When to choose this vs LlamaServer

CharHeuristic — you want zero network dependency, you trust the embedder’s truncation, you’re indexing English / Western-European prose. The educational / out-of-the-box default.
LlamaServer — you want exact counts, your corpus is non-English or code-heavy, or your embedder has a tight context window where overshoot matters (e.g., bge-small-en-v1.5 at 512 tokens — 10% slop is 50 tokens of clipped content).
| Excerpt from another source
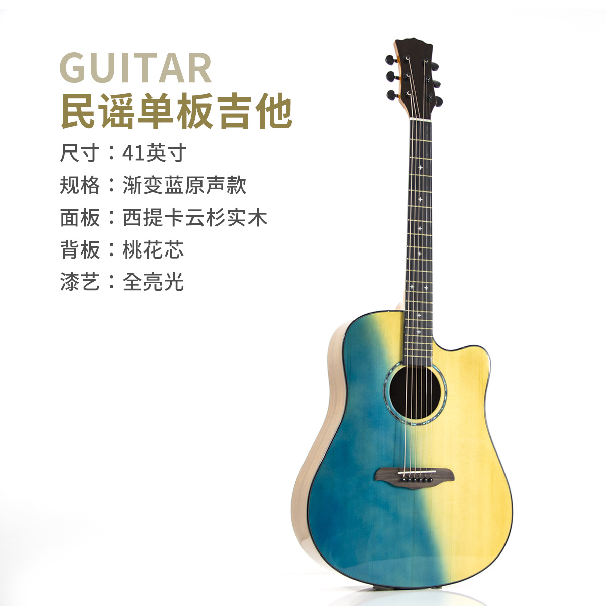 41 인치 포크 기타 베니어 솔리드 우드 그라디언트 블루 하이 컬러 가치 우드 기타 엔트리 레벨 고급 기타
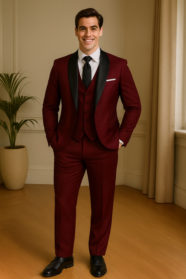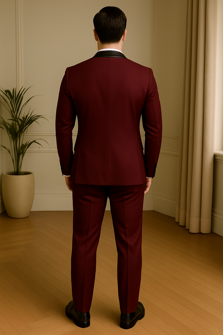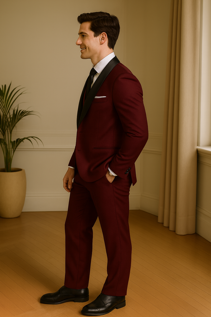 Men's Business Shawl Lapel Burgundy Color Two Button Party Suits

Instance Method Summary collapse

#count(text) ⇒ Integer

Approximate token count.
#initialize(chars_per_token: 4.0) ⇒ CharHeuristic constructor

Constructor Details

#initialize(chars_per_token: 4.0) ⇒ `CharHeuristic`

Parameters:

chars_per_token (Numeric) (defaults to: 4.0) —

characters per token the approximation assumes. Default 4.0 — English prose against a BPE tokenizer. Pass a smaller number for denser scripts (Mandarin ≈ 2; Japanese ≈ 1.5).

Raises:

(ArgumentError)

# File 'lib/pikuri/vector_db/tokenizer/char_heuristic.rb', line 41

def initialize(chars_per_token: 4.0)
  raise ArgumentError, 'chars_per_token must be positive' if chars_per_token <= 0

  @chars_per_token = chars_per_token.to_f
end

Instance Method Details

#count(text) ⇒ `Integer`

Approximate token count. Empty string returns 0; short strings round up to at least 1 token.